Unser Projekt „Begleitete Radfahrten“ hat bei der Ausschreibung „Gute Praxis“ des Projekts „Was geht! Sport, Bewegung und Demenz“ der Demenz Support Stuttgart einen mit 200 € dotierten Sonderpreis erhalten. Darauf sind wir sehr stolz und bedanken uns sowohl bei der Jury als auch bei allen unseren Mitfahrern.

Begründung der Jury:

Das Projekt setzt bei einem zentralen Problem, den Mobilitätsbarrieren, an.

Als offenes Angebot bietet es allen Menschen, die in ihrer Mobilität behindert werden, Möglichkeiten der Teilhabe. Sie werden in die Lage versetzt, Natur, den öffentlichen Raum und das Gemeinwesen wieder zu erleben.

Das Projekt wird besonders gewürdigt als Einzelinitiative von Privatpersonen, die das Angebot konzipiert und zu einer Dienstleistung entwickelt haben.

Ausschnitte aus unserer Bewerbung:

Viele Menschen mit einer Demenzerkrankung sind früher Rad gefahren oder haben sich anderweitig sportlich betätigt. Durch die Erkrankung ist es ihnen oft nicht mehr möglich, ihren Sport in gewohnter Weise weiter auszuüben. Dennoch möchten die meisten auch weiterhin körperlich aktiv sein und am gesellschaftlichen Leben teilnehmen. Sie brauchen Angebote, die ihre Fähigkeiten und die Lust an der Bewegung fördern, ihnen aber gleichzeitig Sicherheit bieten und Defizite wie z.B. abnehmendes Orientierungsvermögen, Gleichgewichtsstörungen oder Bewegungseinschränkungen auffangen.

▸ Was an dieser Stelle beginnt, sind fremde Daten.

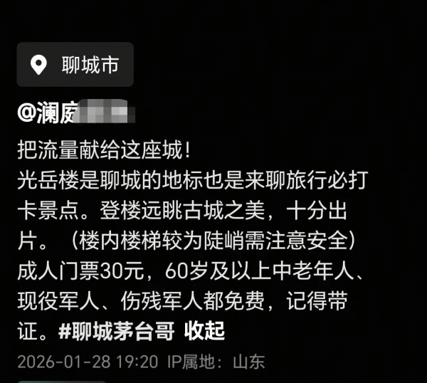 1月28日晚上7点多,大嫂又发了一个作品,把流量献给这座城,介绍聊城的地标建筑光岳楼。
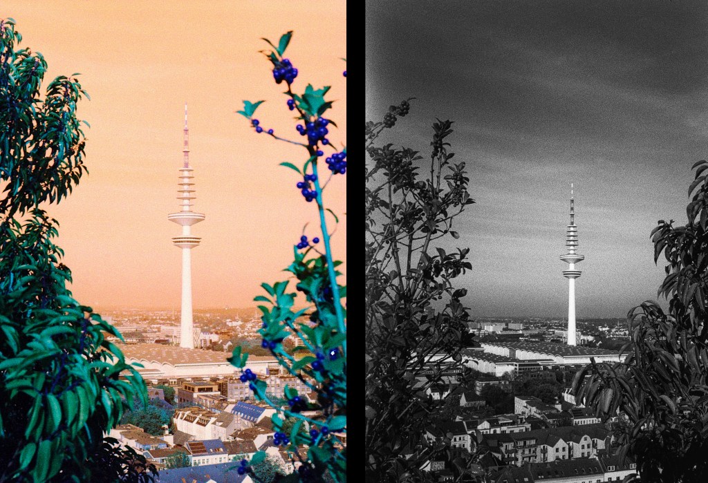 Humans have a horizontal field of vision but stand upright in the world. The half-frame or portrait format leads us to a clear composition of vertical stratification, which also fits wonderfully into the digital display on our mobile devices. It offers comparison, sequencing and side-by-side presentation. Of course, if the subject requires it, I also turn the camera, but primarily it is the vertical, the portrait, that appeals to me. When you look through the round viewfinder of the Penti II for the first time, you are greeted by a wonderful illuminated frame, and the half-frame format makes this camera from the late 1950s look really modern. It was designed to enable the masses to enjoy photography. But the presentation of the technology and image composition by two protagonists, Eva and Jürgen, in the manual and photography course ‘Die Penti-Schule’ is also refreshingly modern. Furthermore, the format motivates us to get close to the subject, as anything far away disappears in the grain of the film.
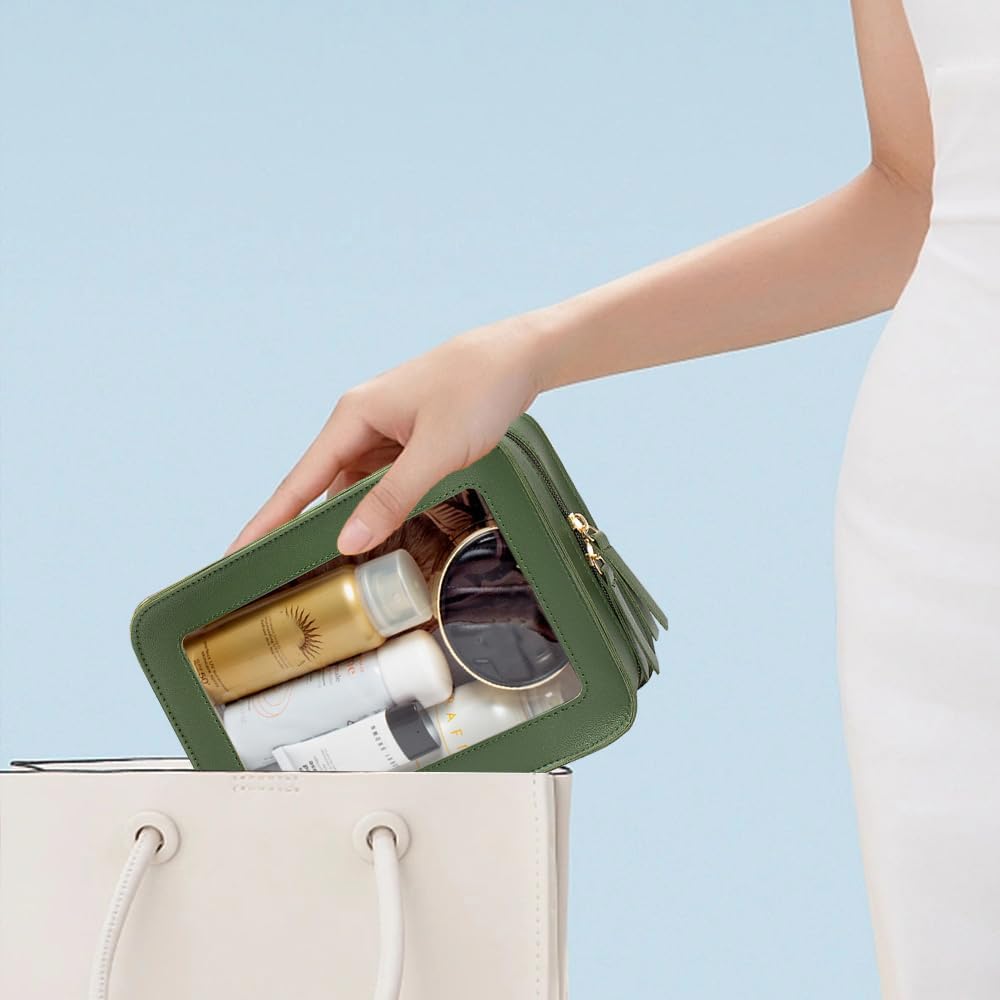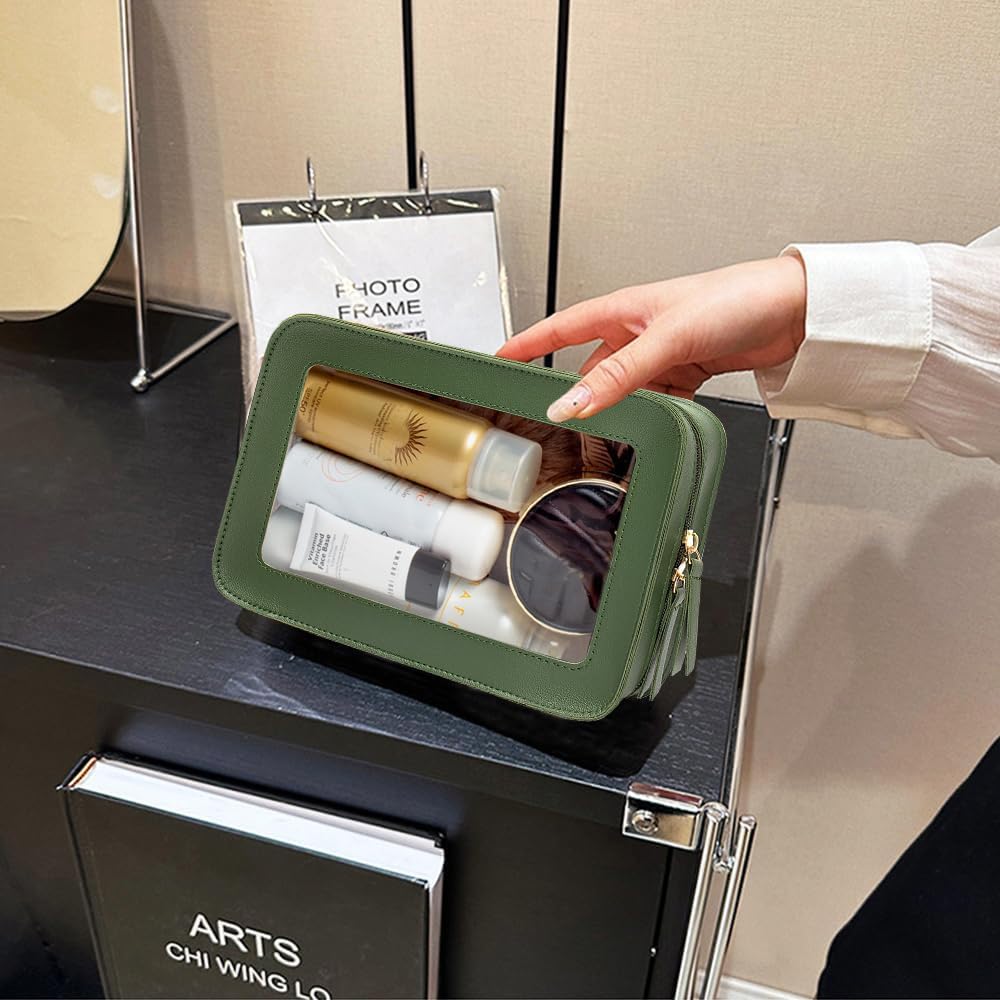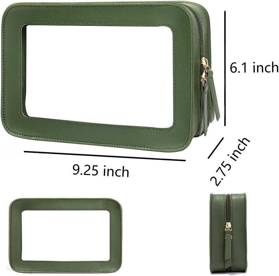 - Clear Design: Our clear toiletry bag is sleek and minimalistic look for your makeup accessories collection. And is designed with a clear PVC window,all items are clear at a glance, and you can quickly choose the cosmetics you need. Size:9.44“*6.1”*2.75“

Gerade in der frühen Phase der Erkrankung wird ein Bewegungsangebot wie das begleitete Radfahren gerne angenommen. So kann es helfen, Beweglichkeit, Aktivität und Teilhabe am normalen Leben über einen langen Zeitraum hinaus aufrechtzuerhalten. Demenzkranke Menschen, die ihr ganzes Leben lang mit dem Rad gefahren sind oder sich sportlich betätigt haben, erleben die damit verbundene Freude bei unseren gemeinsamen Radausfahrten wieder. Darüber hinaus bietet das Radfahren ein Erfolgserlebnis – „Ich kann das noch!“ – und aktiviert positive Erinnerungen an frühere Unternehmungen oder Lebensabschnitte.

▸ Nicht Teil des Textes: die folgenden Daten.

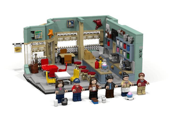 A user named Rainer Zufall submitted a concept for a Gilmore Girls Lego set on April 30 that is now more than halfway to that 10,000 supporter goal needed for an official review by Lego. Zufall's set features the iconic Luke's Diner and six of the show's major characters in Lego-form: Lorelai and Rory, Luke, Jess, Lane, and Kirk. In the set's description, Zufall wrote:
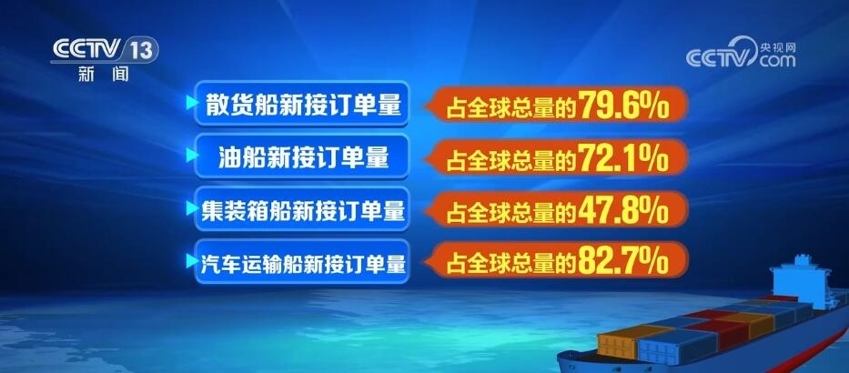 2023年全年數(shù)據(jù)顯示,全球18種主要船型中,我國(guó)有14種船型新接訂單位列全球第一,其中,散貨船、油船、集裝箱船和汽車運(yùn)輸船新接訂單量分別占全球總量的79.6%、72.1%、47.8%和82.7%。
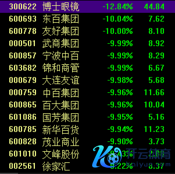 百货零卖板块重挫,大连友谊(000679)、中百集团(000759)、东百集团(600693)、友好集团(600778)、宁波中百(600857)等多股跌停。

Gemeinsam fahren wir in die Natur, durch Naherholungsgebiete, Parks, Fußgängerzonen oder auch mal zu einem Feuerwehrfest. Wir sind also mitten drin im Leben. Gerne fahren unsere Mitfahrer mit uns auch zu Orten, an denen sie früher gelebt oder gearbeitet haben, sie erzählen aus ihrem Leben oder erklären uns als „Neu-Rheinländern“ die Umgebung. Oft klönen wir über alltägliche Dinge wie das Wetter oder wie es der Familie geht. Es ist ein lebendiger Austausch, es wird gelacht und wir erfahren dabei viel Interessantes. Dabei treten unsere Mitfahrer meist kräftig in die Pedale und die Zeit vergeht wie im Flug.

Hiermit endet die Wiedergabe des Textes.